Trifles left me thoroughly impressed; Glaspell’s observations, published in 1916, were incredibly astute and are surprisingly applicable to modern gender divides. For instance, the County Attorney was focused solely on solving the case and boosting his own pride, but the two women, Mrs. Hale and Mrs. Peters, were more sympathetic towards the accused Mrs. Wright. This preference of men to play the singular hero is reaffirmed when we consider Mr. Robertson’s presentation about language. The article he referenced noted that boys, more often than not, wrote about themselves and their honor, while girls, more often than not, wrote about their siblings and friends. It was also concluded that instead of basing their plot on a victory, most stories written by girls concerned simple tasks or activities like jumping rope, which only serves to highlight another difference in male and female thinking patterns: as per society’s influence, women don’t gravitate towards competition like men. This key point is clearly illustrated in Trifles as Mrs. Hale and Mrs. Peters collaborate towards a realization and never fight over who is going to claim the supposed satisfaction from helping to uphold the law. In fact, they decide to withhold their findings and support Mrs. Wright’s innocence. It’s never determined whether Mrs. Wright was guilty of murdering her husband, but regardless of this, Glaspell, before the Suffrage Movement, publicly introduced this notion that women should stand up for other women. A farmer’s wife does not have an easy job, although at the time society labeled it as such. Mrs. Hale and Mrs. Peter acted from gendered characteristics that continue even in today’s classrooms. 

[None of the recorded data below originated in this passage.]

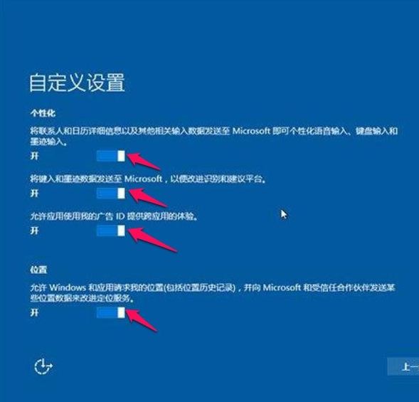8、第一个设置页面,在这里,有四个设置项,反正我都把它们关掉了,如果是平板电脑,这个“位置”不一定要关,可能影响使用,按“下一步”。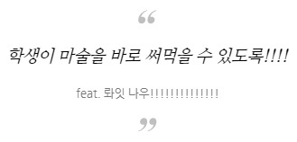 과거 매직캣 마술학원에서 취미반 수업에는 특이한 일이 있었다. 마술을 배운 모든 아이가 똑.같.은. 멘트로 마술을 보여주는 것이 아닌가. 초등학생이 신문지를 찢으며 사회의 부조리를 말하고, 꽃향기를 맡으며 사랑을 읊조린다. 한번 상상해보라.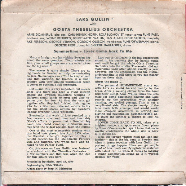 Lars Gullin With Gösta Theselius Orkester ~ Summertime / Lover Come Back To Me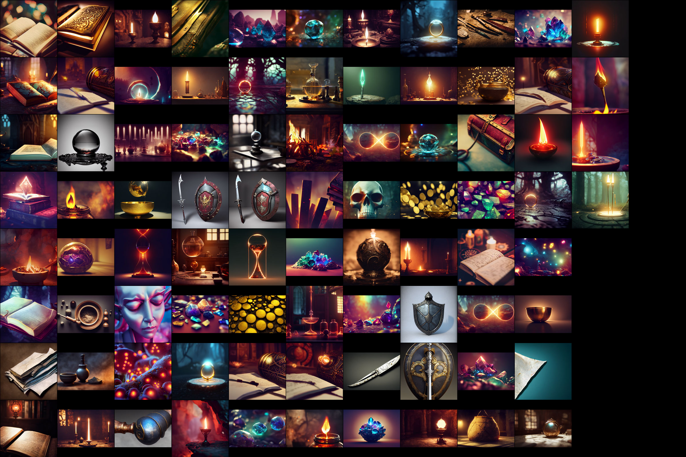 This package contains over 80 images, focused on objects and other "things" in the fantasy / RPG style.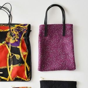手持ちトート、ショルダーバッグ、巾着風バッグの3WAYで使えるバッグ。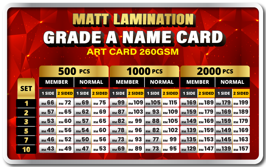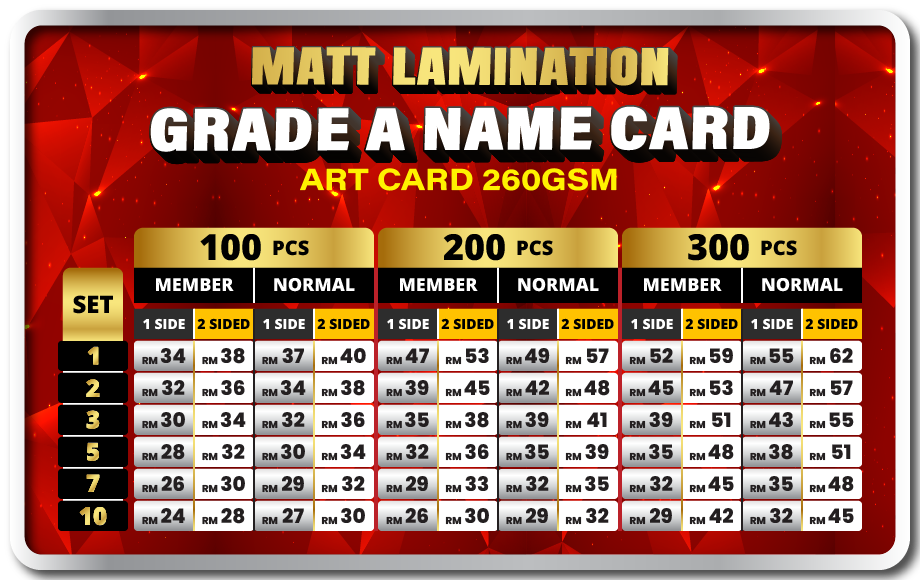 GRADE A NAME CARD - Matt Lamination- ART CARD 260GSM
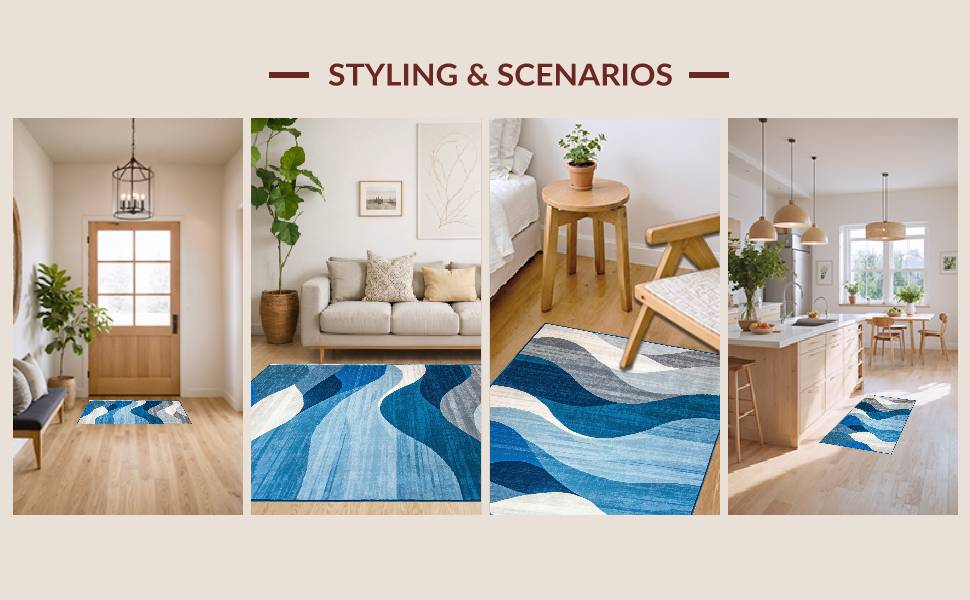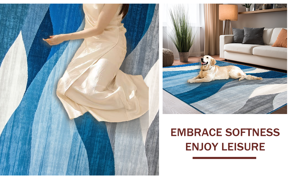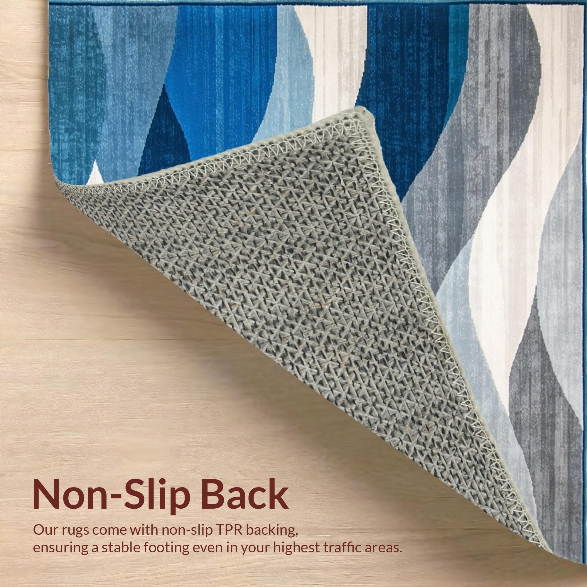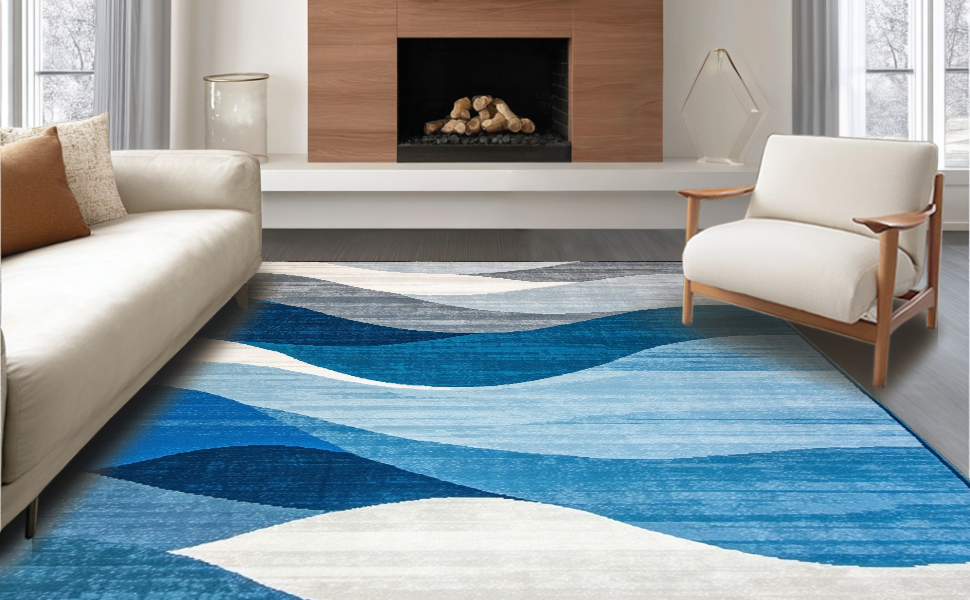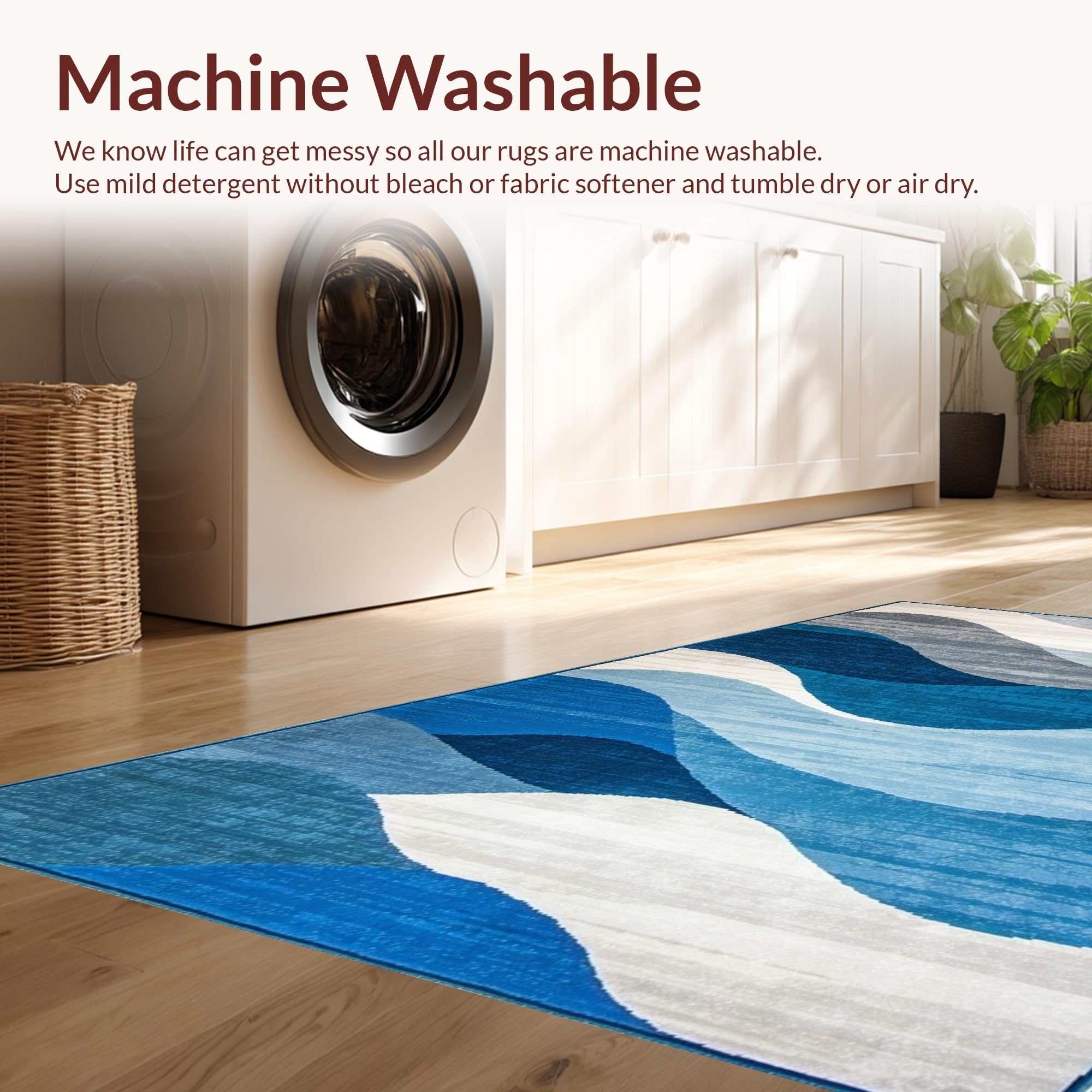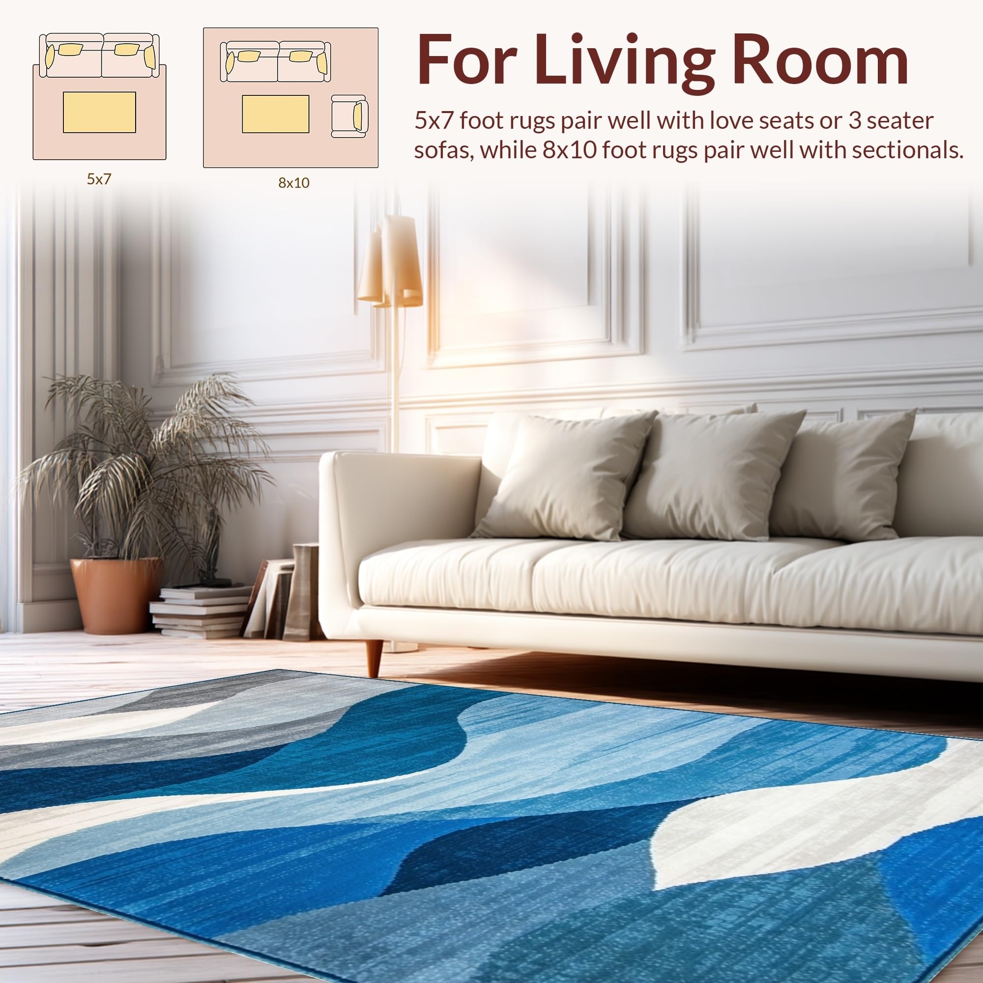 Ultra Soft Area Rug, Non Slip, Stain Resistant, Washable Area Rugs for Living Room, Bedroom, Vibrant Fluid Brushstroke Composition(Blue) Overview: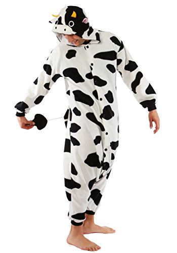 Remoo-ve all inhibitions when you sport this hilarious Cow Kigurumi, complete with a black and white body, two little horns and a tail. Searching for the right costume for the moo-vies? Like polka dots but want something more mesmoo-rizing? Is looking good your M.O. (O.)? Can't find pajamas that fit your moo-d?? This Kigurumi finds itself in the Cute and Cuddly section of our shop. However, make no mistake: mess with the bull and you'll get the horns. Moo.Feature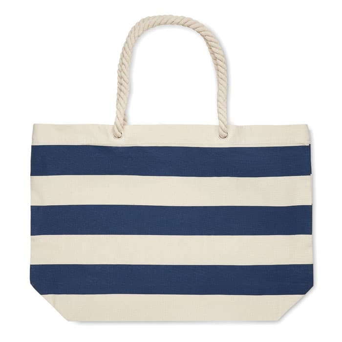Gestreepte strand- of boodschappentas van katoen met koordhandvat. 220 gr/m².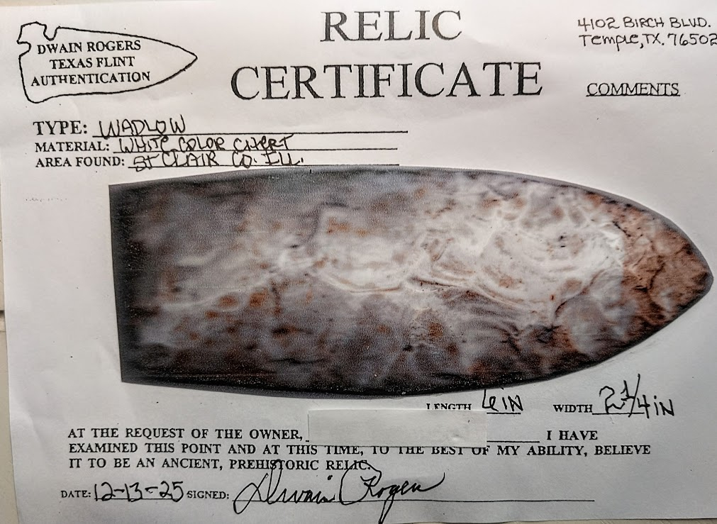 This 6" Burlington chert Wadlow is a real handful! It was found in St. Clair Co., Illinois, and comes with a Dwain Rogers COA. For those of you who like large pieces, this is a real frame filler!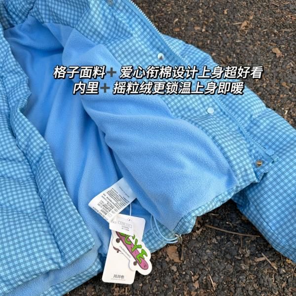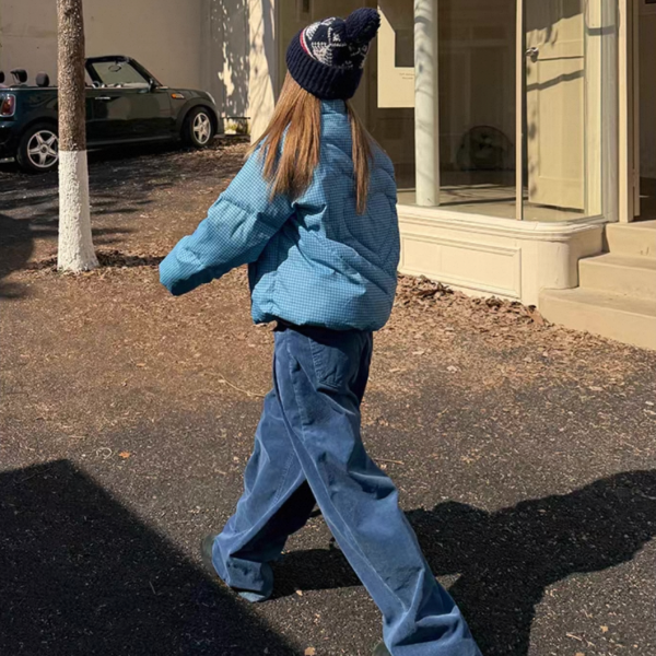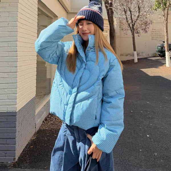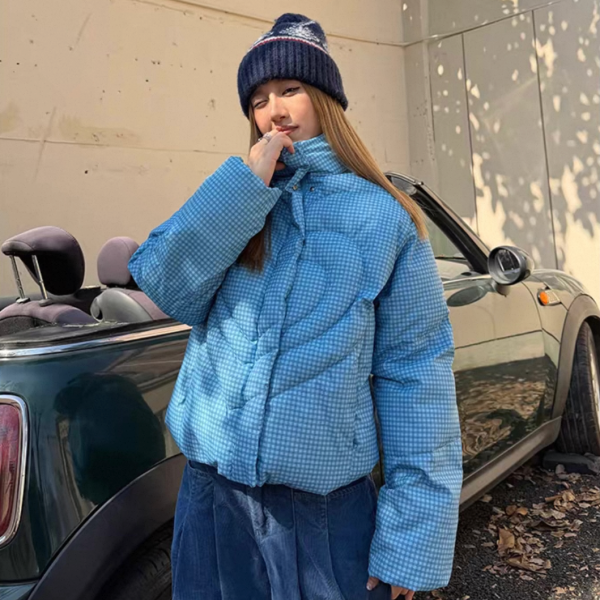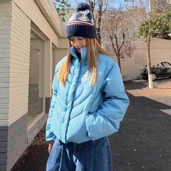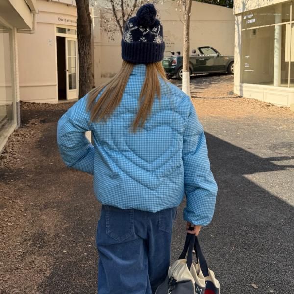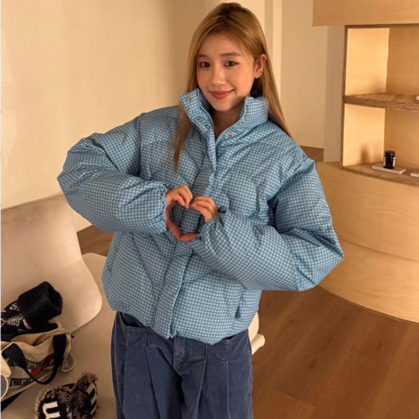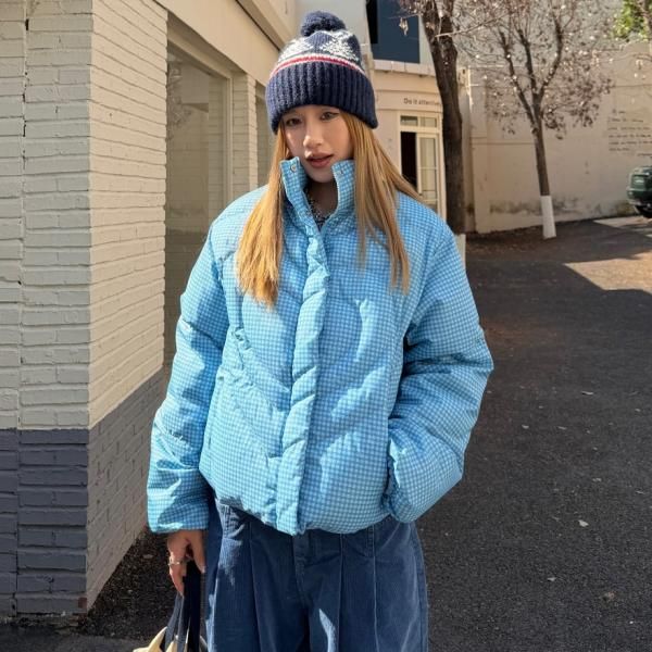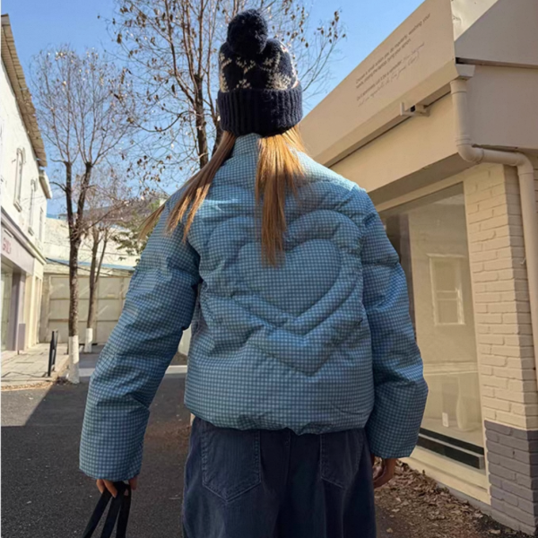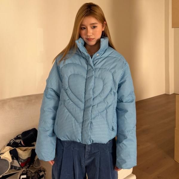 ブルー ギンガムチェック柄 ハートデザイン スタンドカラー パファージャケット ダウンジャケット キルティングジャケット ブルゾン ワンホンが入荷しました。

It’s interesting to connect these themes to my life at seventeen, surrounded by other seventeen and eighteen year olds. We aren’t elementary students writing about toy soldiers or braiding hair, yet we still conform to these gendered expectations. Isn’t “locker room talk” just boys trying to outcompete each other in a very macho-spirited way? Just the other day, a friend of mine texted me about how unbelievable it is that a boy’s pride can blind him from how rude he’s behaving. This is not to say that women are always empathetic, because we’re not, but I think there is some fairness in saying that we are “trained” by the common societal system to be the responsible ones who are loving mothers, devoted nurses, and the ultimate caregivers. And I believe that these are good traits that can lead the world away from assumptions and towards awareness, but women must also be taught to value themselves equally, as the documentary Missinterpreted expressed.